Many readers have commented that they see their own dilemmas as parents in The Herd. When did you realise what a divisive issue vaccination was?

As I started talking about the research – say, if I met someone in a playground who I didn't know and mentioned that I was writing a book about vaccination – there would immediately be that question in their eyes, like: am I talking to an anti-vaxxer, or am I talking someone who does vaccinate their children? People want you to out yourself. People want to know if you have vaccinated their kids. I realised that it was a really polarising issue. And I tend to think there’s such opportunity for connection and understanding from those things that are really difficult.

The characters of Elizabeth and Bry are deliberately very different, despite their unlikely friendship. How did you draw them up?
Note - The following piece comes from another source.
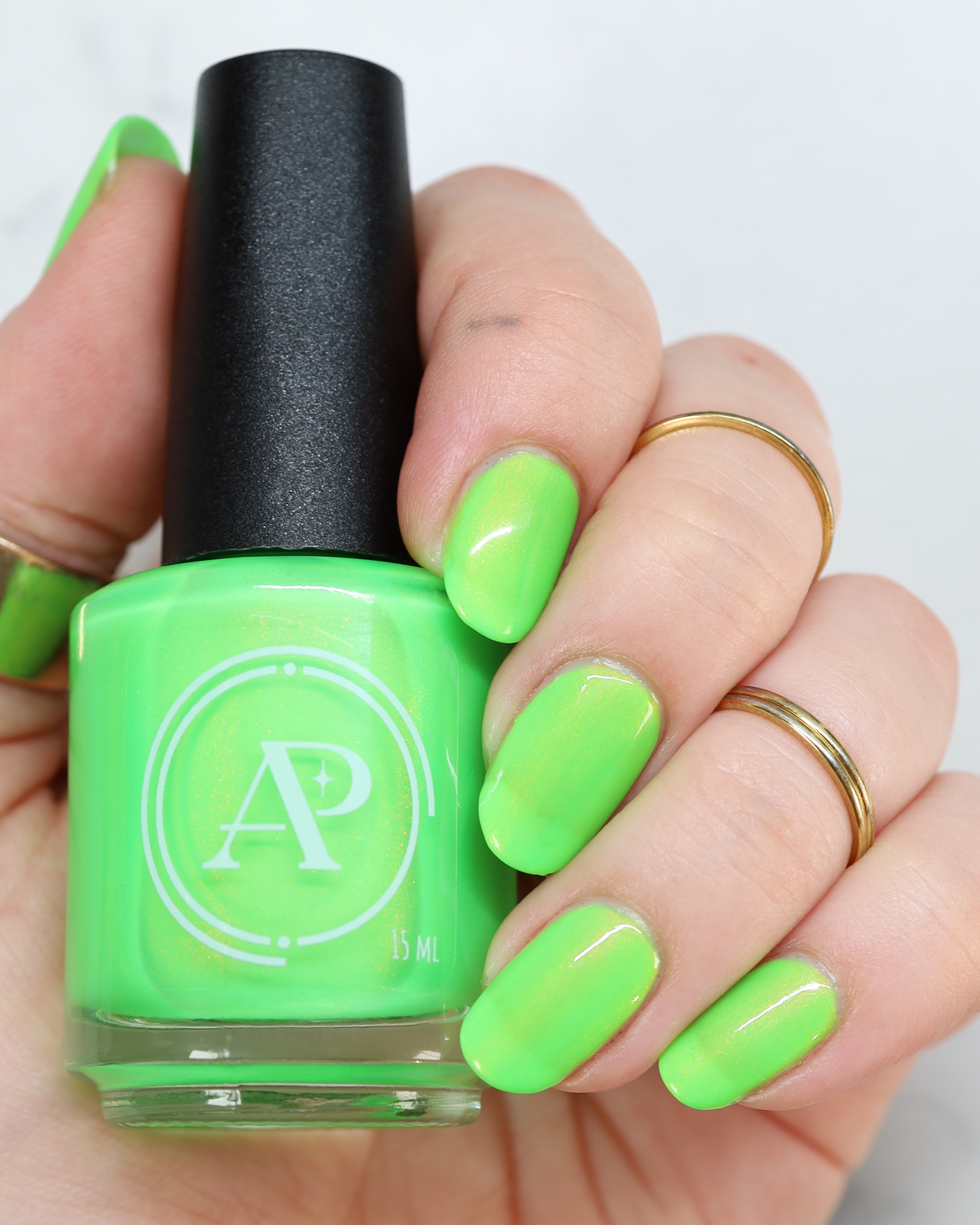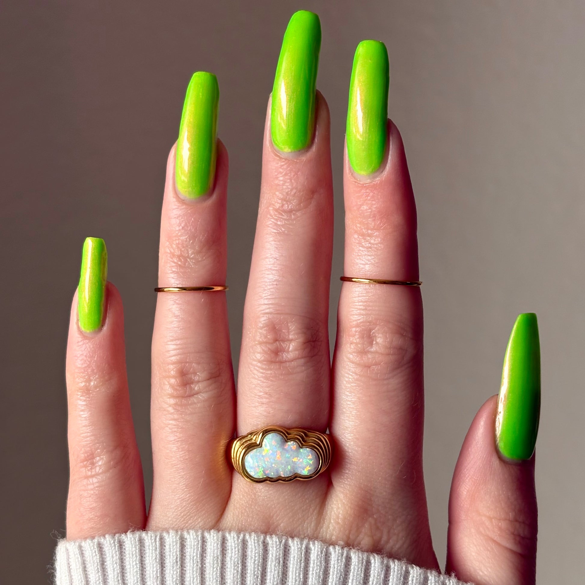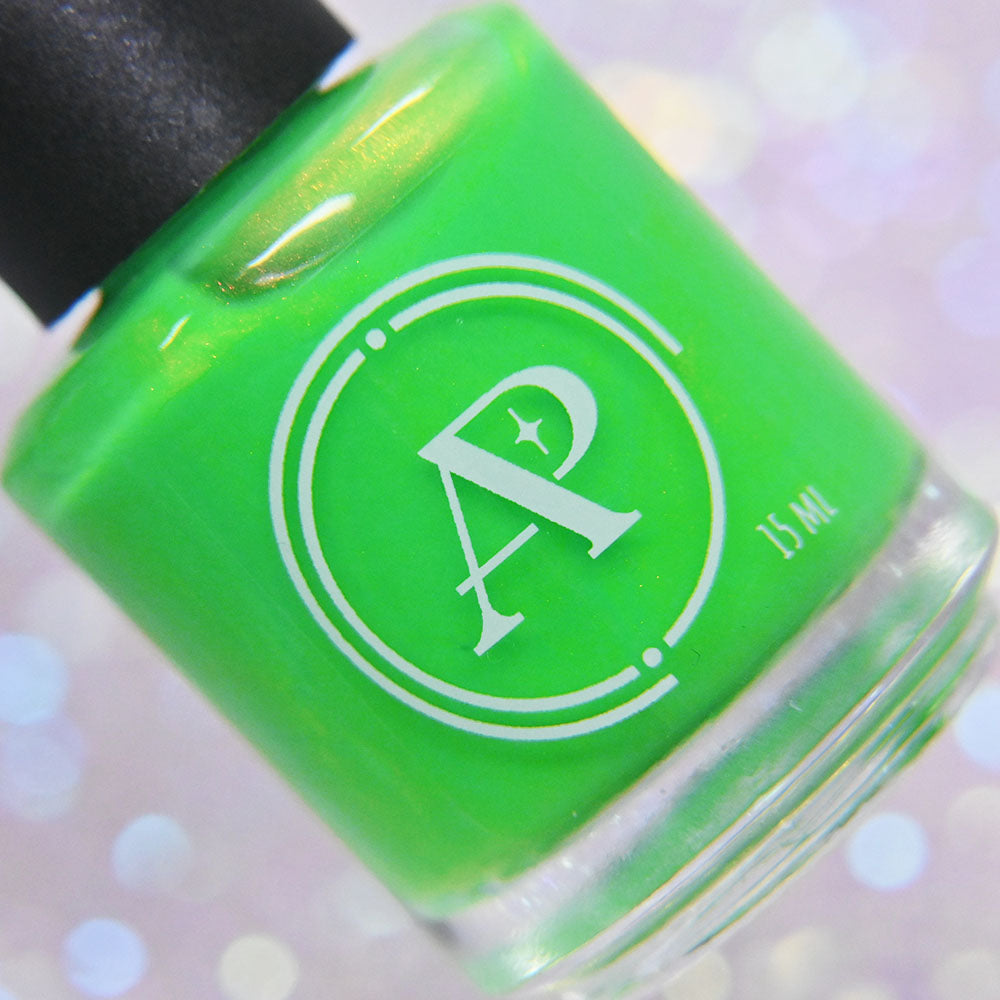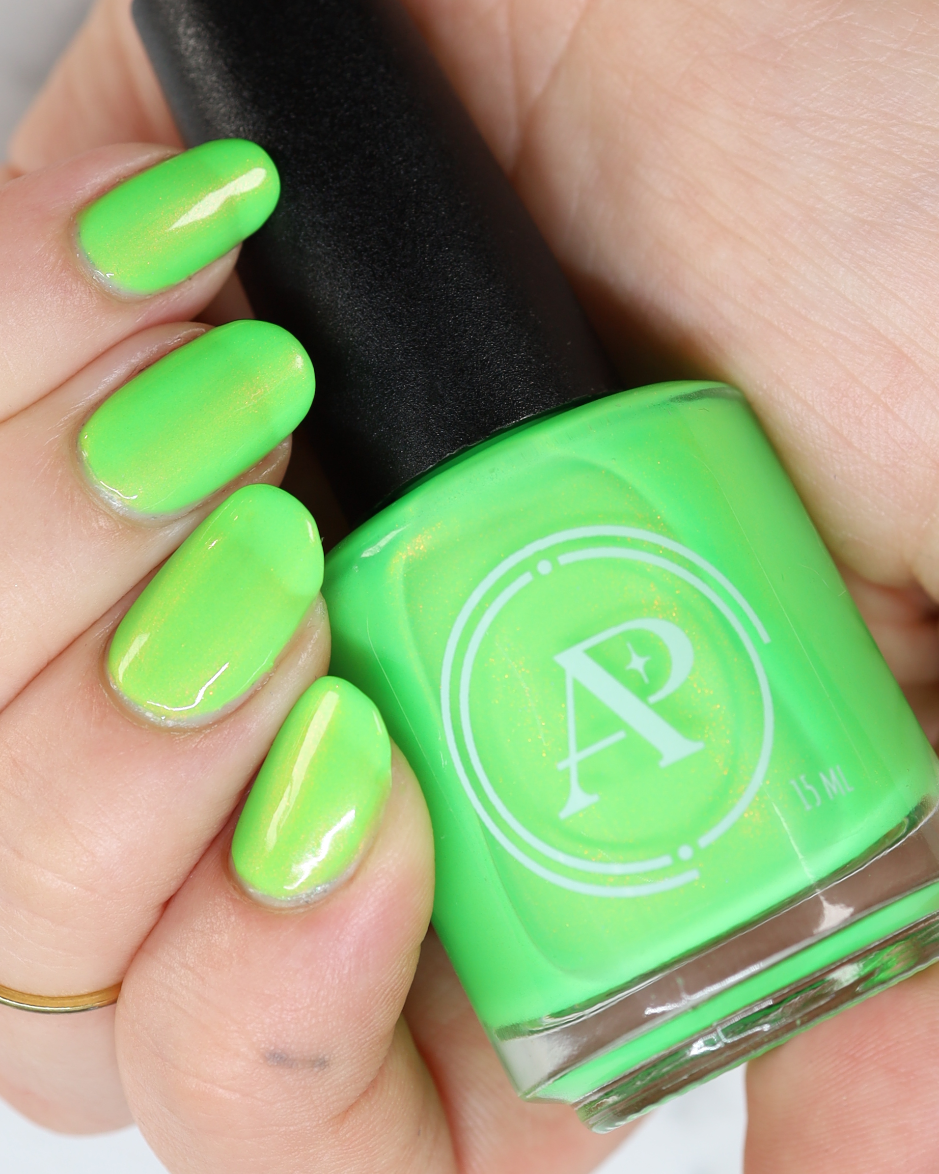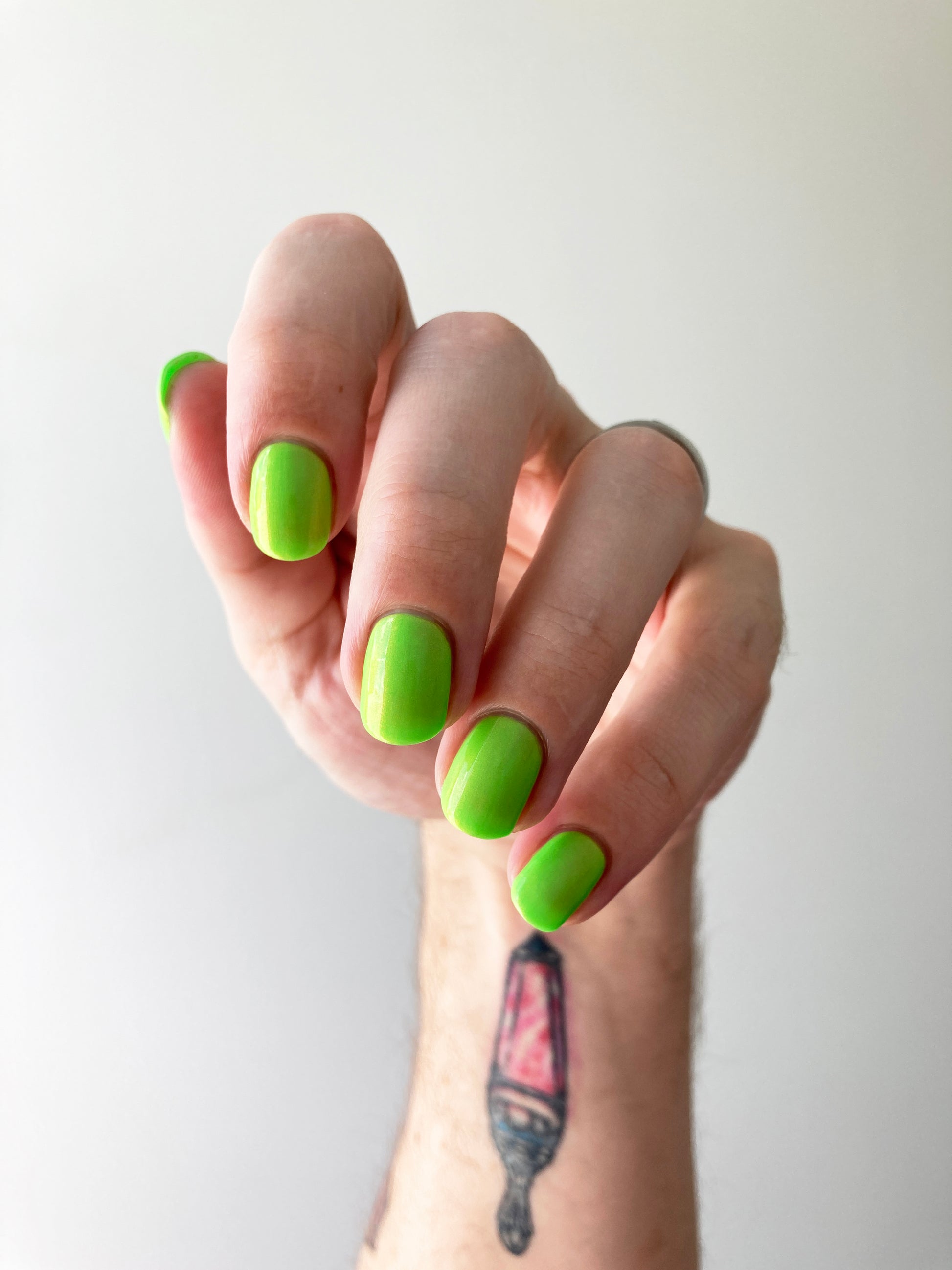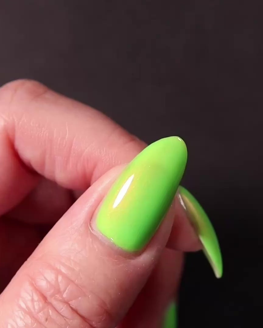 1. This shade is inspired by our favorite joke from the “No Pun Intended” joke book. This neon green has soft red to orange aurora shimmer that shifts to gold at extremes.

When my husband was reading the book for the first time, he was like: “Oh my God. You are Bry and you're also Elizabeth." Retrospectively, I think I was probably writing about my own experience of conflict about what kind of mum I was going to be: not knowing, and feeling like there were all these external influences that I was seeking out to discover my maternal identity, but also found utterly baffling and really confusing. The characters themselves came to me in quite an organic way. It was actually the character of Rosalyn who appeared strongly to me first, because I think she is an aspirational woman: she lives her life how she chooses without apology. She was this very solid base of womanhood.

Did you always know that the twist was coming?

Yes. I wanted Elizabeth's experience to be more complex than that which she let the world know. For me, the overwhelming message of the book is that we're all just trying to do the best for our people we love – and that is a way more connective sentiment than how that might manifest differently in our lives.

What do you hope readers take away from The Herd?

I hope that this book will be a segue into having those difficult conversations. I'm keen that people are aware that I have chosen to vaccinate my kids; I absolutely do think it's the right thing to do. But I think it's also really appropriate for people to question vaccination. I think what's really difficult is that it is so binary: it's really hard to find a space to be like, "I don't know what the best thing to do is and I know I have to make some sort of choice". I think just opening up those conversations is really helpful.